La matière est obscure, et je n’entrerai pas dans le détail des controverses qu’elle a soulevées. Une vérité est certaine : c’est que, suivant la doctrine la plus généralement admise dans les pays musulmans, la terre conquise n’appartient pas aux individus, mais à Dieu, c’est-à-dire à l’état, car c’est Dieu qui, en pays d’islam, dit : L’état, c’est moi. La terre appartient à Allah, comme chez les Hébreux elle appartenait à Jéhovah ; les Moultezims, ceux qui occupaient le sol de l’Égypte avant que Méhémet-Ali s’en emparât, n’étaient pas des propriétaires dans le sens absolu du mot, mais des possesseurs héréditaires ; le pacha a pu, sans choquer les idées musulmanes, leur retirer la possession au nom de l’état, et en leur payant une rente à titre d’indemnité. C’est à peu près ce que fit Joseph, quand il conseilla au Pharaon de profiter d’une année de disette et d’acquérir toutes les terres de ses sujets, qui les lui abandonnèrent et reçurent de lui les grains nécessaires pour ensemencer, sous condition d’une redevance annuelle du cinquième des produits. Telle est exactement la condition des fellahs sous Méhémet-Ali, sauf qu’on exige d’eux beaucoup plus que le cinquième des produits ; en outre, au temps de Joseph, la cession fut volontaire de la part des Égyptiens, ou du moins ce ne fut pas le souverain, mais la famine qui les y contraignit. Il y eut encore cette différence, que Joseph excepta les biens des prêtres, et que Méhémet-Ali a confisqué les propriétés des mosquées. Il n’en est pas moins curieux qu’à une si grande distance de temps, la condition territoriale de l’Égypte ait subi deux fois une révolution analogue.

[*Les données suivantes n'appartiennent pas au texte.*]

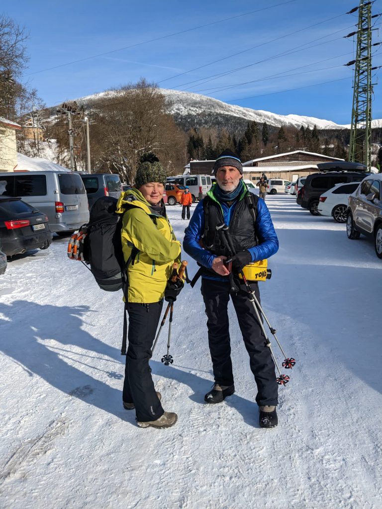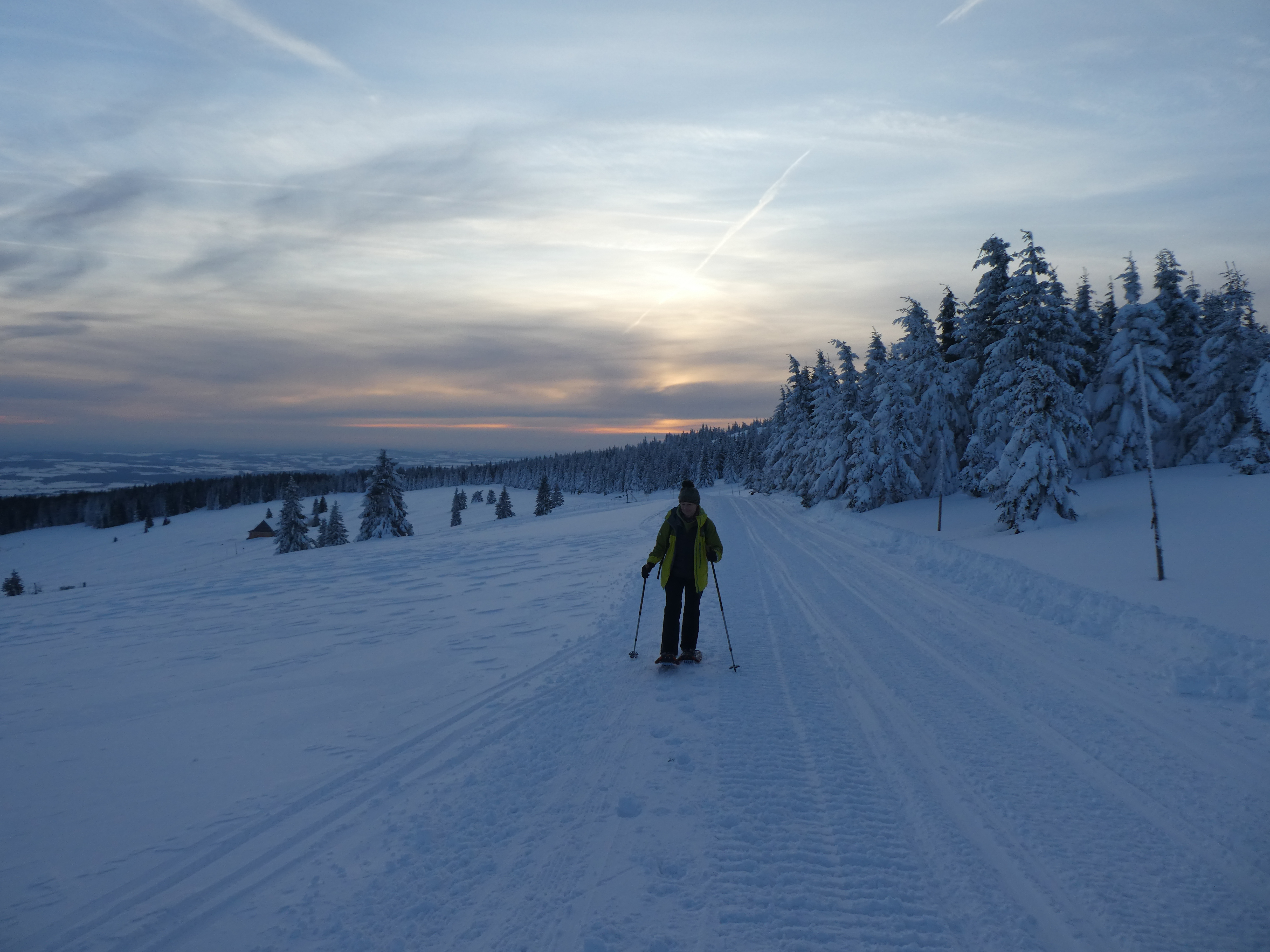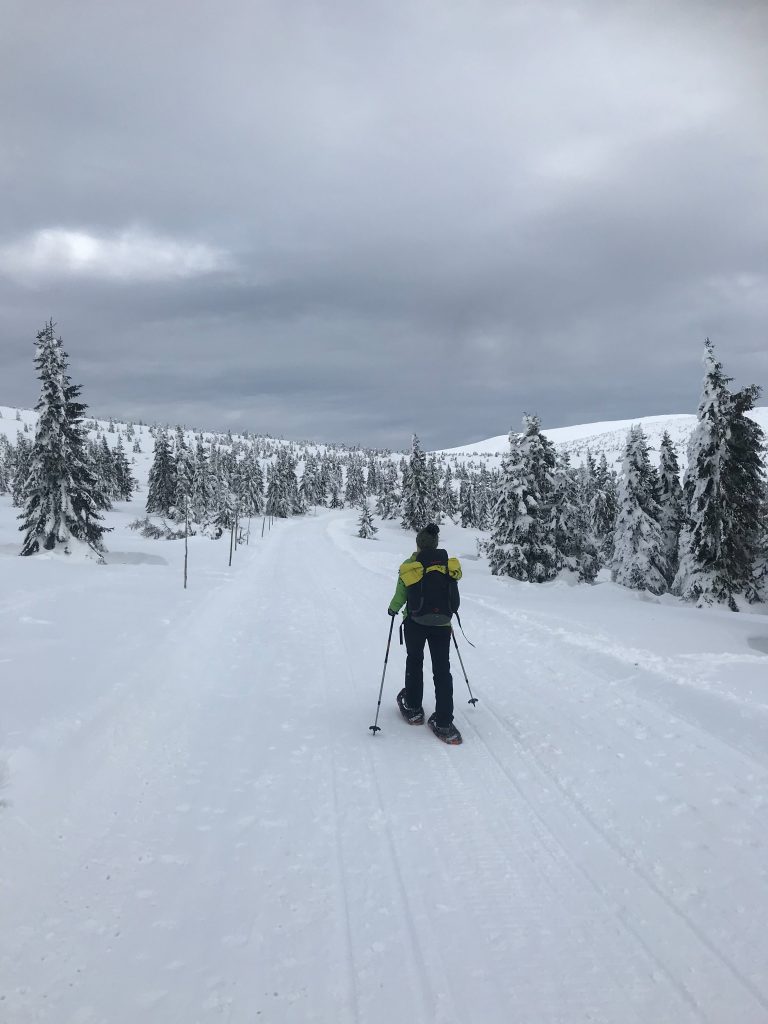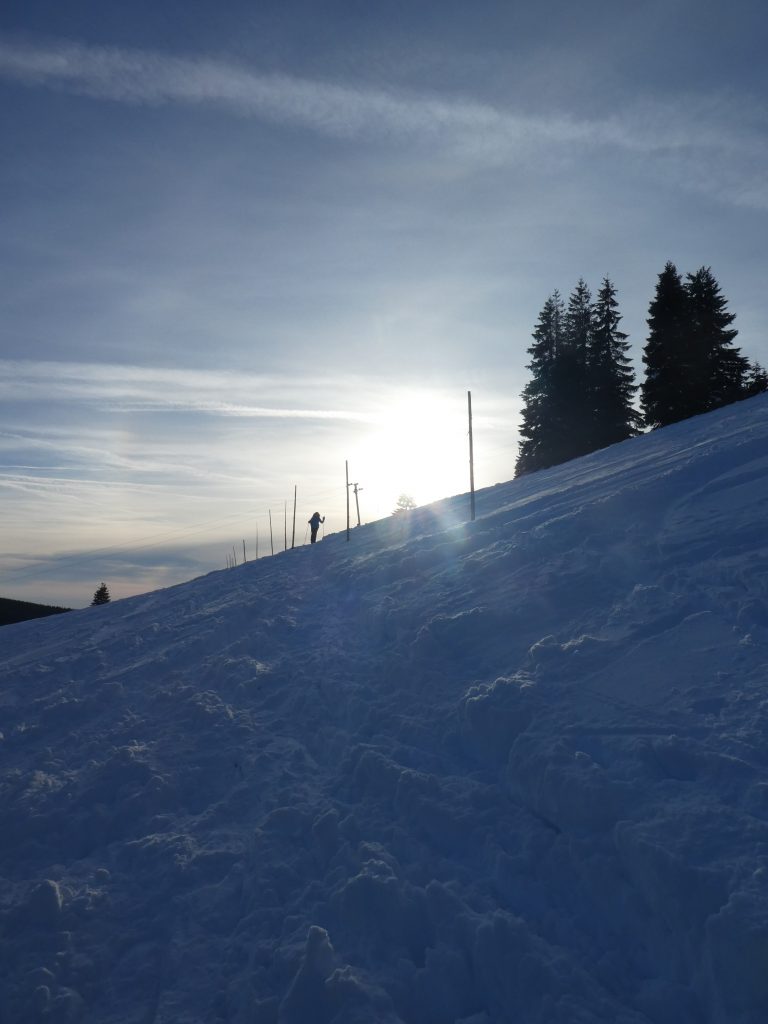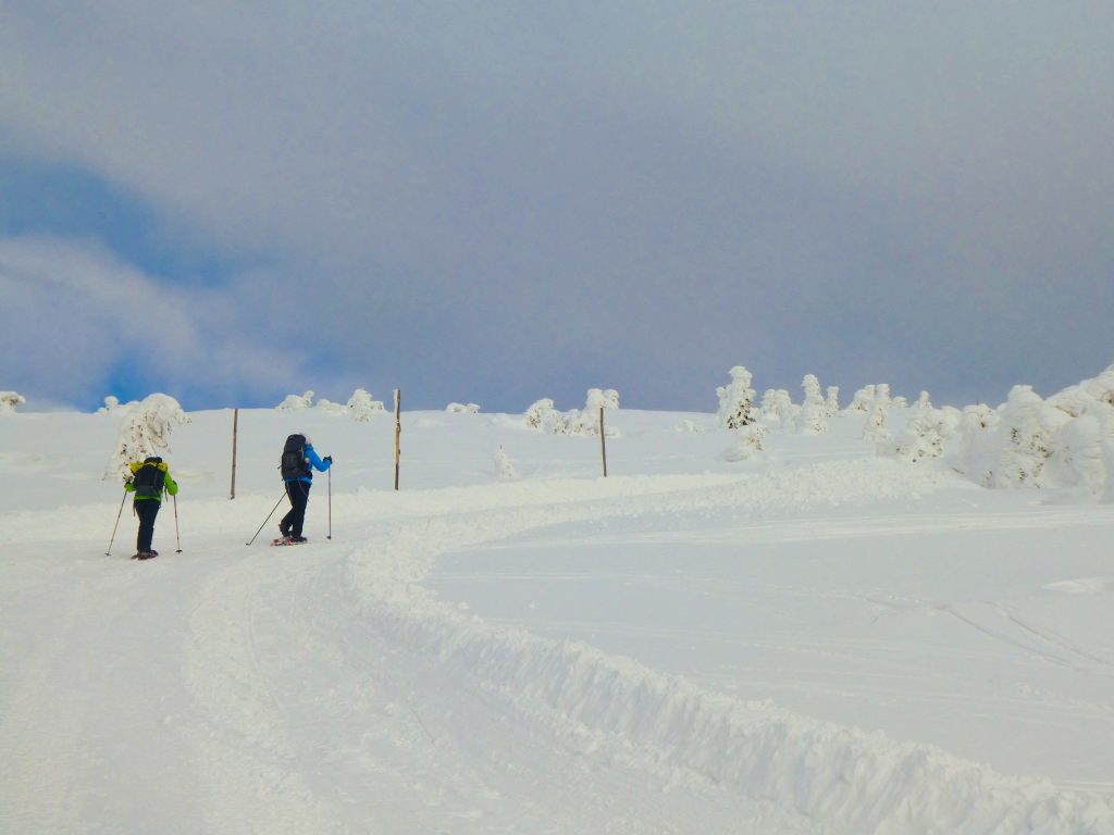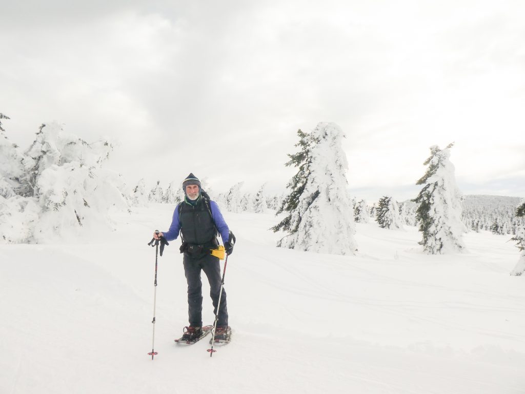4- tägige Schneeschuhwanderung von Spindlermühle zur Dvorska-Baude, zur Teichbaude, zur Martinsbaude und zurück nach Spindlermühle. Start am Sonntag, den 5.2.2023. Nach langen suchen und warten hatten wir dann auch einen Parkplatz gefunden, am Hromovka-Lift, und der war auch noch kostenlos. Nach einer kleinen Stärkung, Rucksackpacken und Umziehen, gehen wir gegen 13:00 los, über Wanderwege und Skipiste zunächst hoch zur Planur, die Gipfelstation. Weiter auf engeren und einsameren Wegen zur Keilbaude, wo wir auf eine der Hauptloipen stoßen. Diese verlassen wir aber gleich wieder, und über einen kleinen Hügel erreichen wir ca 17:00Uhr die Dvorska-Baude. Steffi hatte sich etwas später entschlossen uns anzuschließen, hatte keinen Platz mehr bekommen auf der Dvorska , sie hat auf der Mala Rennerovka Baude genächtigt, nur wenige hundert Meter entfernt. Insgesamt hatten wir an diesen Nachmittag über 600 Höhenmeter zu überwinden.

L’Orient a-t-il jamais connu l’idée de la propriété absolue telle que nous la concevons ? Plusieurs écrivains, entre autres Volney, se sont prononcés pour la négative. Je pense qu’ils ont été trop loin. Ce qui est vrai, c’est qu’en Orient la propriété individuelle du sol s’efface souvent devant la propriété de l’état, représenté par le souverain. Les Anglais, après de longues et vives discussions sur ce point, ont fini par donner raison au système qui niait la propriété, formellement établie cependant par les anciennes lois et les coutumes hindoues, et se sont proclamés propriétaires du sol, comme les musulmans l’avaient fait avant eux. A Java, les Hollandais se sont substitués aux sultans et rajahs, seuls propriétaires de l’île ; les paysans n’étaient qu’usufruitiers. Méhémet-Ali a agi en Égypte à peu près comme les musulmans et les Anglais dans l’Inde et les Hollandais à Java.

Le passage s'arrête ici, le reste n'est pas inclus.